1 Introduction

When people look at an image, they are usually attracted by distinct regions called salient objects. The objective of saliency detection is to detect these salient objects in an image. Saliency detection plays an important role in many applications such as object segmentation and recognition [30], image compression [13], image classification [31], and image retrieval [32].

Feature extraction is generally one of the key elements of saliency detection algorithms [11]. According to selection of features extracted which mainly include color and texture, existing algorithms for saliency detection can be roughly divided into two categories. The first category of algorithms utilize only color as main feature to calculate saliency map [1, 2, 5, 14, 16, 18, 21, 23]. Without considering texture feature, they usually fail in handling images with complex textures. The second category of algorithms make use of color and texture features. However, they cannot adaptively combine these two features. It usually leads to low precision of the final saliency map.

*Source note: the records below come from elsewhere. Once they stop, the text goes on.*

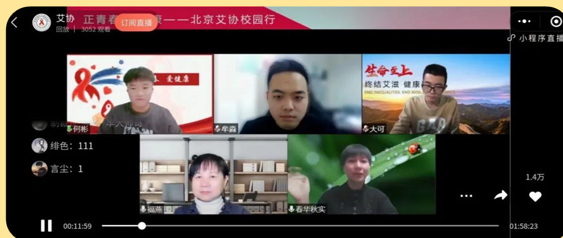
图 21：艾滋病防治知识线上科普讲座

为减少学生对艾滋病人的恐惧心理，提高大学生对艾滋病知识。2021 年 12 月 8 日晚，校团委联合北京性病艾滋病防治协会举办艾滋病防治知识线上科普讲座。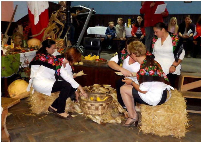
Slika 2. Lužđana u Donjim Mostima

U registru udruga Republike Hrvatske upisane su 32 udruge s područja općine Kapela iz sporta, kulture, zdravstva.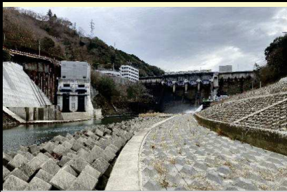
スタート地点：鹿野川ダム直下

愛媛県南予地方局大洲土木事務所管内図（承認番号 平29情使,第689号、第805号承認番号 平29情復,第805号）加筆

Differing from the above algorithms, our method makes use of adaptive squared fusion to combine color and texture cues or features to adaptively calculate the optimum fusion ratio of the color and texture sub-saliency maps according to the image texture complexity. Images with complex textures can be efficiently processed by our method. A modified RC algorithm [5] is adopted to obtain the color sub-saliency map. First, an original image is segmented into regions using the proposed method, which combines superpixel-based segmentation [3] and the mean-shift algorithm [7] to mitigate over-segmentation and obtain semantic regions.Then, global color contrast is employed in the segmented regions to obtain the color sub-saliency map. Next, Gabor-filtered maps are employed to extract texture cues from the original maps using global texture contrast. Finally, the texture and color sub-saliency maps are combined to obtain the final saliency map using the adaptive squared approach. By using segmentation before contrast, we can overcome problems such as unclear boundaries and highlighting of only borders. Moreover, the proposed segmentation method yields semantic regions instead of fragments that would make the texture cues meaningless. Thus, by incorporating texture cues, we can efficiently handle images with complex textures. Some examples are shown in Fig. 1.

Fig. 1
figure 1

Color and texture sub-saliency maps of two example images. a, d Input images; b, e color sub-saliency maps; and c, f texture sub-saliency maps

The contributions of the proposed paper include two parts: (1) We present a novel saliency detection method that adopts adaptive squared fusion to combine texture cues and color cues in order to adaptively calculate the optimum fusion ratio of the color and texture sub-saliency maps according to the image texture complexity. By incorporating texture cues into our saliency detection algorithm, we are able to efficiency handle images with complex textures. (2) We propose an effective pre-segmentation method to handle images with complex textures. By combining superpixel-based segmentation [3] and the mean-shift algorithm [7], our method can efficiently reduce over-segmentation.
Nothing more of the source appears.